Traditionally, full-service brokers were the only type available. They charged high commission fees but also offered a lot of advice and guidance in choosing investments. In 1975, all of that changed and the discount brokers became the reigning champs of the investing world. In the last ten years, the internet has allowed individual investors to research and investigate potential stocks themselves, and even buy and sell stock. There have been advantages to the advent of the discount broker and online brokerage firm, but for some investors it has led to more mistakes in less time. The key is doing the research and investing wisely.

On one end of the spectrum are the discount and online brokers. These brokerage firms act as order takers for their investors. The investor places an order on the phone or online. The only helped offered is with the technical aspects of the website or the ordering process. There is no guidance for what stocks to buy, when to buy or when to sell. Many online brokerage firms offer their members access to stock market research, but this is provided by a third party. The account management tools help you understand how much you have invested and where it is going. These tools are normally online or downloadable. The discount and online brokers are perfect for people either already familiar with the stock market, or those who do not have much money to invest. They do require that the investor spend time researching and planning investments. If you are interested in research or want to avoid hefty brokerage fees than discount and online brokers may be for you.

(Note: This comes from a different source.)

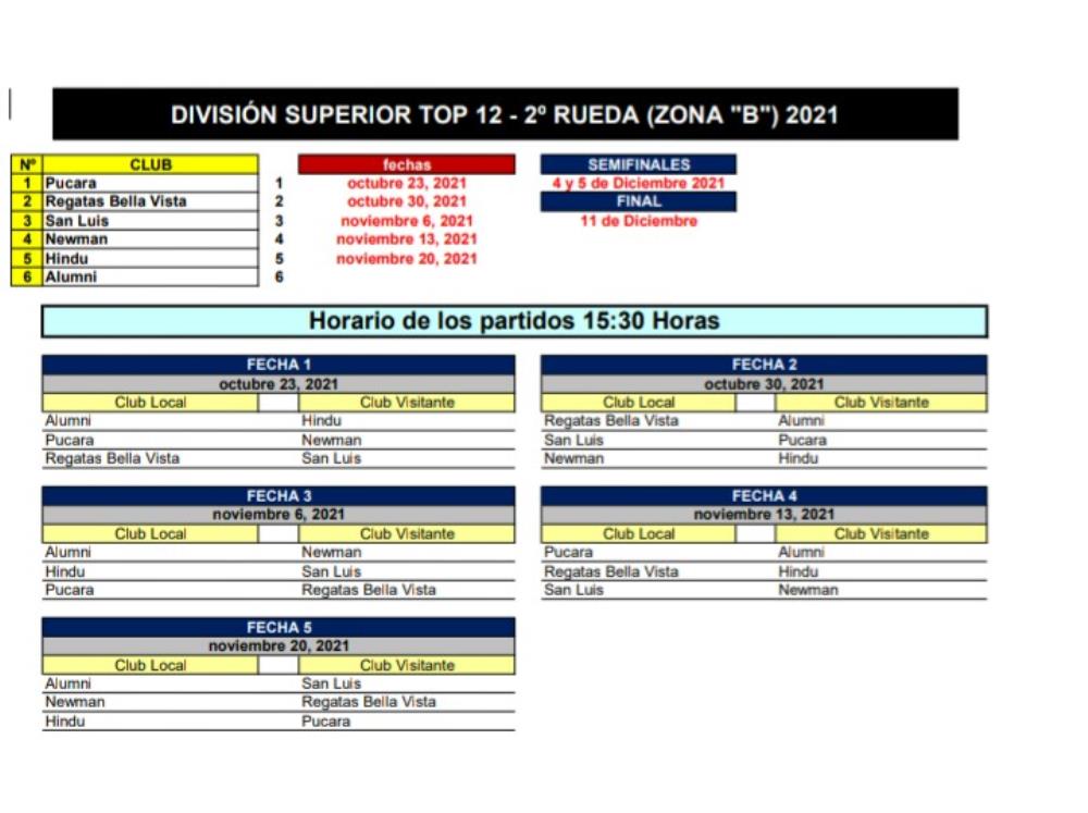 Galería de Imagenes La máxima categoría tendrá su segunda fase y repasamos que equipos integrarán cada zona. En la Zona A se encuentran SIC, CUBA, Belgrano Athletic, CASI, Los Tilos y Buenos Aires, mientras que la Zona B quedó conformada por Newman, Hindú, Alumni, Pucará, Regatas y San Luis.El próximo fin de semana se comenzará a disputar la segunda ronda de la máxima categoría, en busca de los semifinalistas.Acá te dejamos el fixture: Fotógrafo: Fede Lemos (@torcua_photo), Rugby Champagne. Galería de Imagenes

The next step in service is a discount or online brokerage with an assistance broker. The assistance broker will offer a marginal amount of help. In online brokerage firms, the assistant broker takes the form of more research available and newsletters with investing tips. There is still a degree of research that needs to be done by the individual investor, but these brokerages at least point their clients in the right direction.

The traditional full service broker provides recommendations for specific stocks that would be good for your portfolio. The broker analyzes your financial situation to determine your needs. They put together an investing plan that is reviewed periodically and adjusted as needed. Full service brokers are an excellent choice for those who donít have the time or the interest in staying on top of the latest financial news. The full service broker does all the research for you and presents you with the best investments for your situation. Their clients are handled with attention to personal details and goals. This attention does come with hefty commission fees, but considering the amount of work and dedication that full service brokers provide these fees are understandable. Traditional full-service brokers make money based on the amount of transactions they facilitate.

A money manager is one step up from a full-service broker in their level of financial services. Money managers (also called financial advisors) will work with clients to improve their entire financial picture, which may or may not include investing in stocks. Money managers hold stocks and bonds for clients. Each one has his or her own unique style and so it is important that you choose wisely to make sure your money manager has the same financial philosophy that you do. The money manager will give you personalized service, an individualized portfolio and ongoing management of your finances. Money managers charge flat fees based on services rather than on transactions. A professional money manager does not receive commissions on transactions. They are paid from a percentage of the assets under their management. In that way, they are working for you and themselves at the same time. If your portfolio grows, their commission grows as well.